Looking Good on Course Evaluations

• Columns,Taking a Chance in the Classroom

Mine Çetinkaya-Rundel, Kari Lock Morgan, and Dalene Stangl

At the end of each semester, students provide feedback on their courses via anonymous course evaluations. However, use of student evaluations as indicators of quality of the course and teaching effectiveness is often criticized since these measures may be reflecting biases in favor of nonteaching-related characteristics, such as the physical appearance of the instructor.

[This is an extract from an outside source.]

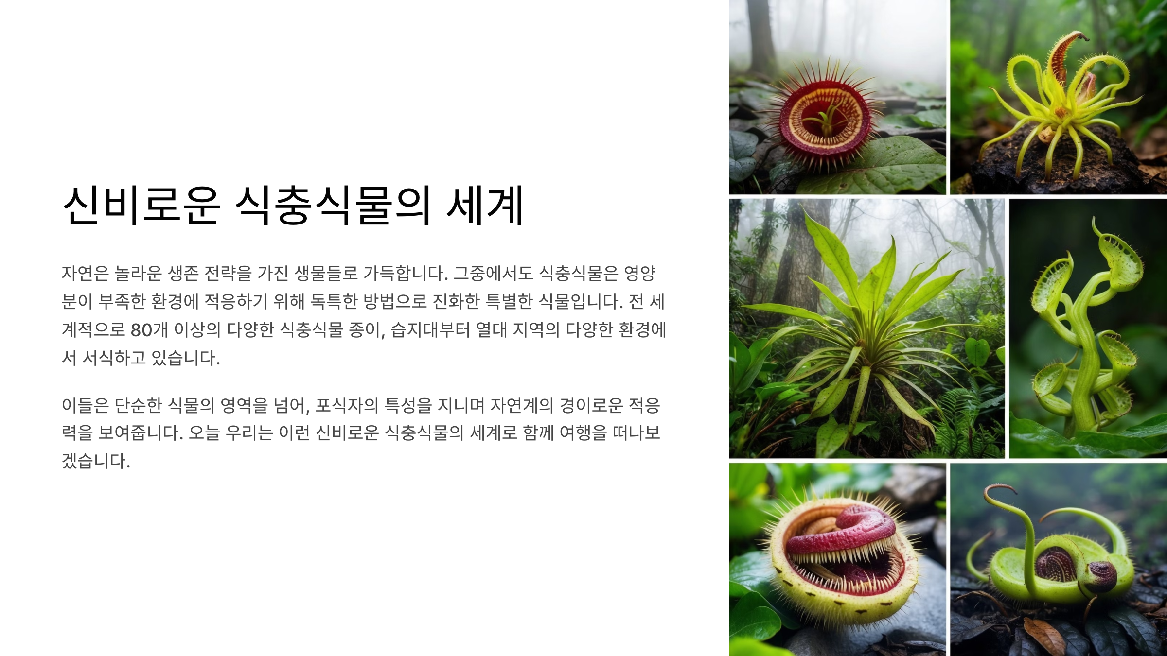 끈끈한 점액으로, 미끄러운 항아리로, 혹은 번쩍 닫히는 잎으로! 식충식물마다 벌레를 유인하고 사냥하는 방식이 완전히 달라요. 알고 보면 진짜 신기한 포식 식물들의 세계예요.

The 2005 Economics of Education Review article titled “Beauty in the Classroom: Instructors’ Pulchritude and Putative Pedagogical Productivity” finds that instructors who are viewed to be better looking receive higher instructional ratings. This article and the accompanying data set are relatable to students since they have first-hand experience evaluating courses and professors. They also have pre-existing notions about how some of the variables in the data set (e.g., class size, whether the professor is a native speaker, etc.) might affect their learning. Last, almost all students are familiar with RateMyProfessors.com, an online destination for professor ratings, where students rate their professors on, among other factors, hotness.

The Data

The study uses data from end of semester student evaluations for a large sample of professors from The University of Texas at Austin. These data are merged with descriptors of the professors and the classes. In addition, six students rate the professors’ physical appearance.

A list of the variables in the data set and their descriptions are provided in Table 1, and the complete data set can be found in the supplemental material. This is a slightly modified version of the original data set that was released as part of the replication data for Data Analysis Using Regression and Multilevel/Hierarchical Models.

Ideas for Using the Data in the Classroom

This data set/paper combination is approachable enough to be used in an introductory statistics course and complex enough to be used in an advanced undergraduate or graduate course on multilevel/hierarchical modeling.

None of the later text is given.